Viscosity B coefficients for tert-butyl alcohol (TBA) in water, methanol and mixtures of the two have been obtained at 25 and 35 °C. Hence solute contributions to the activation parameters for viscous flow of the solutions have been calculated, as well as the Gibbs energy, enthalpy and entropy of transfer from the ground-state solvent to the hypothetical viscous ‘transition-state solvent’. The enthalpies of mixing of the two transition-state solvents and their relative partial molar enthalpies L^′₁ and L^′₂ are also given.

In water, B is large and positive and dB/dT large and negative; in methanol B is small and dB/dT near zero. The classical explanation of these observations, which is solely in terms of water–water (1,1) interactions in an ‘iceberg’ around the alkyl group, is inconsistent with the Compensation Principle because B is proportional to a Gibbs energy function, and this requires that solute–solvent (3, 1) interactions must determine B.

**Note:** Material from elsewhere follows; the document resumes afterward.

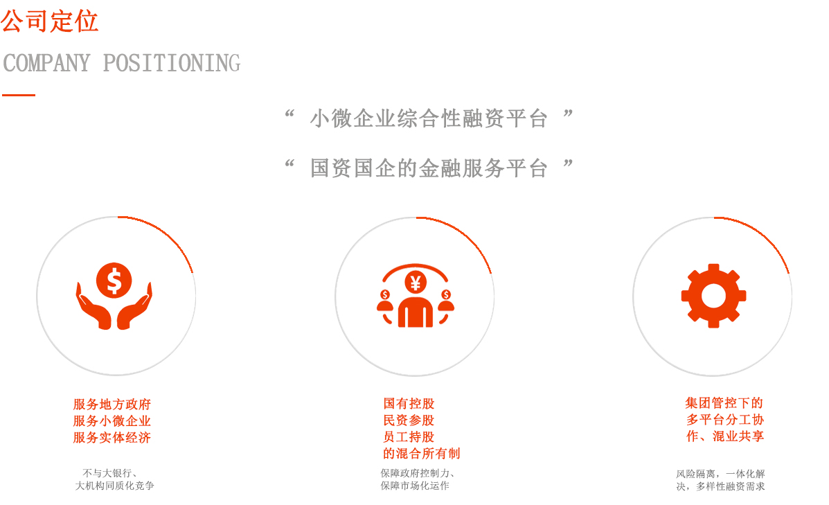 坚持“服务地方政府、服务小微企业、服务实体经济”的方向, 不与大银行、大机构同质化竞争;通过国有控股(相对)、民资 参股、员工持股的混合所有制,心怀小微,头戴红帽,走市场化 道路;通过集团管控下的多平台分工协作、混业共享,实现风险 隔离,一体化解决中小企业多样性融资需求。

It is proposed that in water the alkyl group occupies a ‘cage’ in which the strength of the bonding with respect to the pure solvent is of minor importance. The ‘caging’ of the alkyl group enhances its van der Waals interactions with its nearest neighbours. The expected dependence of such interactions on distance leads to energy–reaction coordinate diagrams in the form required to explain the inversion in sign of the solvation energies from ground-state solvent to transition-state solvent in highly aqueous media.

These results are consistent with, though independent of, recent structural studies by neutron diffraction with isotopic substitution.